Cost optimization: reduce the TCO of your electric vehicles

28 Nov 2024

Managing a fleet of vehicles for a company involves many financial challenges, particularly when it comes to total cost of ownership (TCO). This key indicator measures all the costs associated with leasing and operating a vehicle. For a company managing a fleet, optimizing TCO is very important to reduce expenses, improve profitability and promote ecological choices such as switching to electric vehicles.

What is TCO and why is it important?

TCO is a comprehensive measure that encompasses not only the cost of leasing, but also operating costs such as maintenance, fuel or energy, as well as vehicle depreciation. In a context of energy transition and CO2 emissions reduction, it is essential for companies to understand these costs over the entire life of a vehicle. This enables them to optimize investments and better plan the evolution of their fleets.

The acquisition costs of an electric vehicle and a combustion-powered vehicle are not comparable, but neither are their running costs! So, to compare the real cost of each, it makes sense to use the TCO method. As energy costs are much lower for an electric vehicle, the more it is used, the more advantageous the TCO will become over the entire period of use.

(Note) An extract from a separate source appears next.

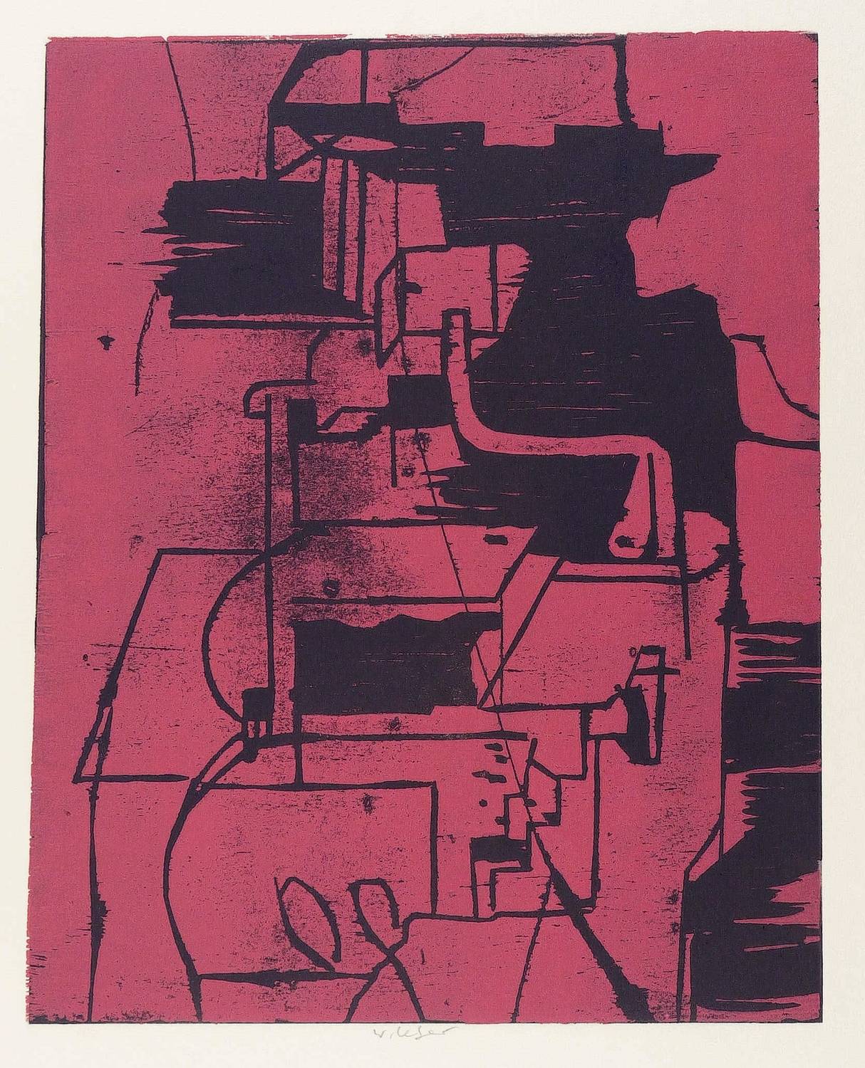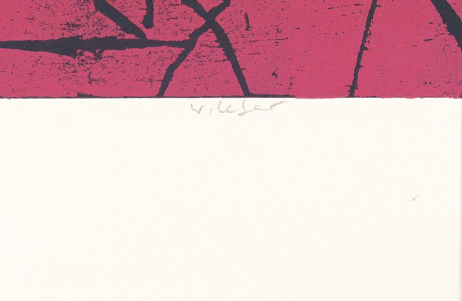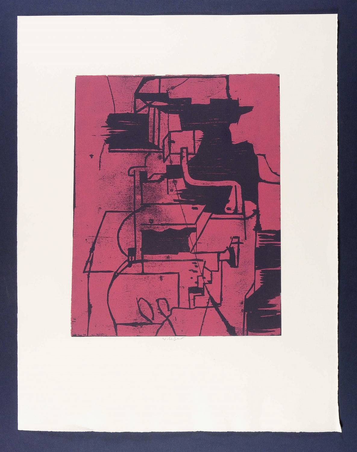 1994. Farbradierung / Aquatinta, in Dunkelgrau & Hellrot, auf hellgelbem Büttenkarton. – Originale Künstlergrafik, von Wolfgang Leber. – 42,8 x 34,1 cm (Darstellung / Platte), 68 x 52,5 cm (Blatt).

The benefits of electric vehicles in terms of total cost of ownership

In terms of TCO, electric vehicles offer major advantages over combustion-powered vehicles. Firstly, although the cost of leasing an electric vehicle may be higher, operating costs are significantly lower, particularly in terms of energy and maintenance. Electric vehicles don't require conventional fuel, and their simpler mechanical systems mean less maintenance. What's more, the more kilometers they cover, the more competitive the TCO of electric vehicles becomes. Indeed, the more an electric vehicle is driven, the lower the total cost of ownership thanks to energy savings. 

How does Smart Connect optimize the TCO of electric vehicles?

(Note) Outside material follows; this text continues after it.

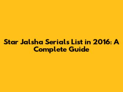 Star Jalsha Serials List In 2016: A Complete Guide

Smart Connect is an advanced telematics tool designed to help fleet managers reduce costs and maximize the efficiency of electric vehicles. Thanks to real-time data analysis, it can monitor and optimize energy use, anticipate maintenance needs and improve overall vehicle performance. For example, with Smart Connect, companies can monitor electricity consumption and adjust recharging strategies to take advantage of the lowest rates, or plan optimized routes based on kilometers traveled and available recharging stations.

Smart Connect: our tips for getting the most out of features

To maximize the benefits of Smart Connect, it's important to set up alerts and reports correctly. For example, fleet managers can set up notifications to inform them when vehicle loads reach a certain level, or when a vehicle is not being used optimally. We also recommend exploiting the historical data provided by Smart Connect to identify consumption patterns. This not only reduces energy costs, but also maximizes vehicle autonomy. Last but not least, it is essential to make drivers aware of these tools. Eco-responsible driving, coupled with the intelligent use of Smart Connect, can lead to significant savings.

Optimizing the TCO of electric vehicles represents not only an opportunity to cut costs, but also a concrete way of making a commitment to the ecological transition. Thanks to tools like Smart Connect, professionals can fully exploit the advantages of electric vehicles, optimize their fleet management and thus improve both their profitability and their environmental footprint. At Petit Forestier, we support this transition to a more sustainable future.